● PROMPT
Exactly reproduce the lines from the line bearing "담벼락 밑에 루제르 보슈코비치(Ruđer" through the end of the listing, inclusive of both; pictures are to be omitted.

* * *

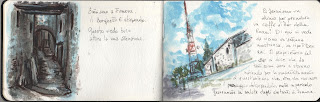 (Penna e pastelli acquarellabili su taccuino fatto a mano dagli studenti del Liceo Artistico di Porta Romana).
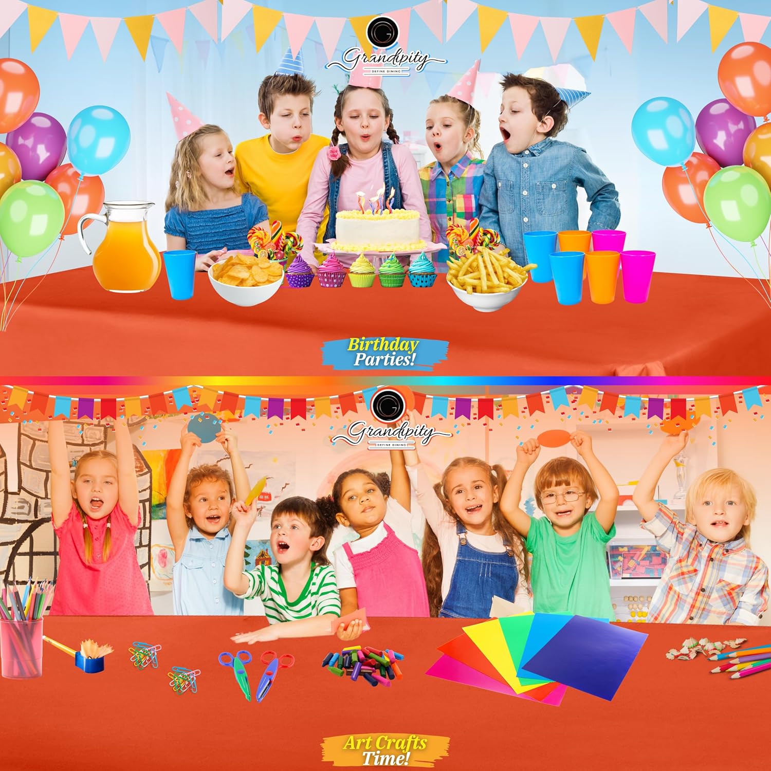 - โจ MULTIPLE PURPOSES: Theyโre not just for parties but great for decorations! Perfect plan party supplies for indoor and outdoor eating. Having some friends over to paint your new home? Doing arts and crafts with your little ones? These plastic rectangle tablecloths are a great way to line floors to catch the mess. Cover your tables with our disposable checkered or solid table coverings for indoor and outdoor celebrations.
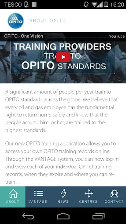 The OPITO Training App allows you to access your OPITO certification online, helping you to keep track of your offshore training records. You can access the Vantage system, look at your OPITO certificates and validity, search for training providers by location and keep up to date with OPITO news.
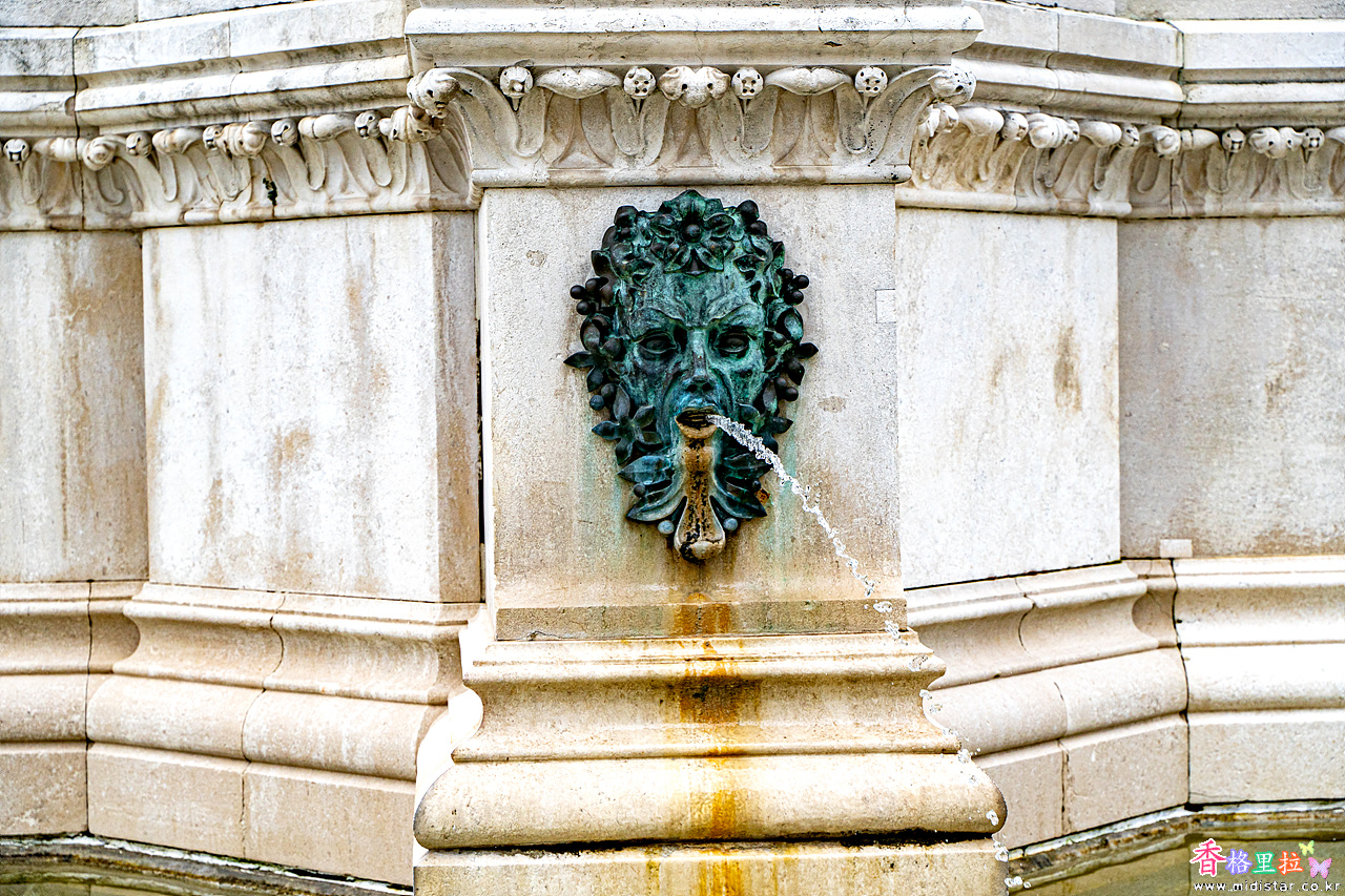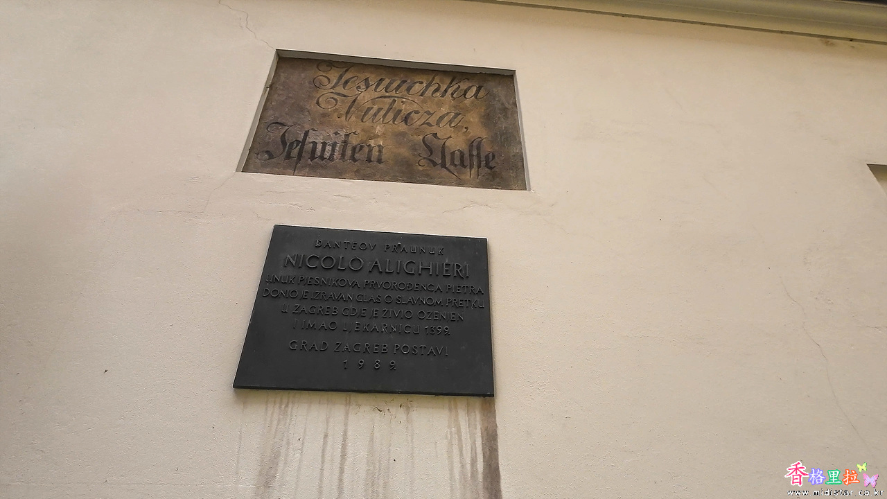 담벼락 밑에 루제르 보슈코비치(Ruđer Bošković Statue)이 있는데 의자에 앉아 지구본에 기댄 채 생각에 잠긴 보슈코비치의 모습을 형상화하고 있다.
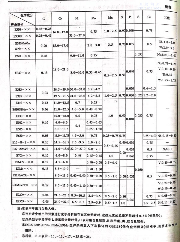 GB/T 983 -1995 根(gen)據熔敷金(jin)屬的化(hua)學成(cheng)分(fen)、藥皮類型、焊接位置及(ji)焊接電(dian)流種類劃分(fen)的不銹鋼焊條型號見表 5-3、表 5-4 。
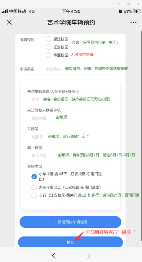 3.原则上车辆预约仅限校内教职工、在校工作人员及进校维修安装施工人员等,车辆预约不对员工开放(特殊情况请辅导员协助办理预约手续)。
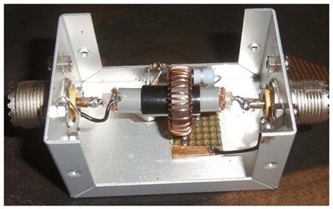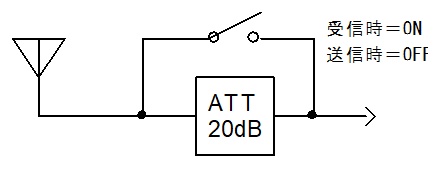 @送信機からの送受信号で、ANT入力に20dBのATT をON/OFFする回路が必要となる。受信機内部に 装着する。 |

* * *

● YOUR SOLUTION
 담벼락 밑에 루제르 보슈코비치(Ruđer Bošković Statue)이 있는데 의자에 앉아 지구본에 기댄 채 생각에 잠긴 보슈코비치의 모습을 형상화하고 있다.
 GB/T 983 -1995 根(gen)據熔敷金(jin)屬的化(hua)學成(cheng)分(fen)、藥皮類型、焊接位置及(ji)焊接電(dian)流種類劃分(fen)的不銹鋼焊條型號見表 5-3、表 5-4 。
 3.原则上车辆预约仅限校内教职工、在校工作人员及进校维修安装施工人员等,车辆预约不对员工开放(特殊情况请辅导员协助办理预约手续)。
 @送信機からの送受信号で、ANT入力に20dBのATT をON/OFFする回路が必要となる。受信機内部に 装着する。 |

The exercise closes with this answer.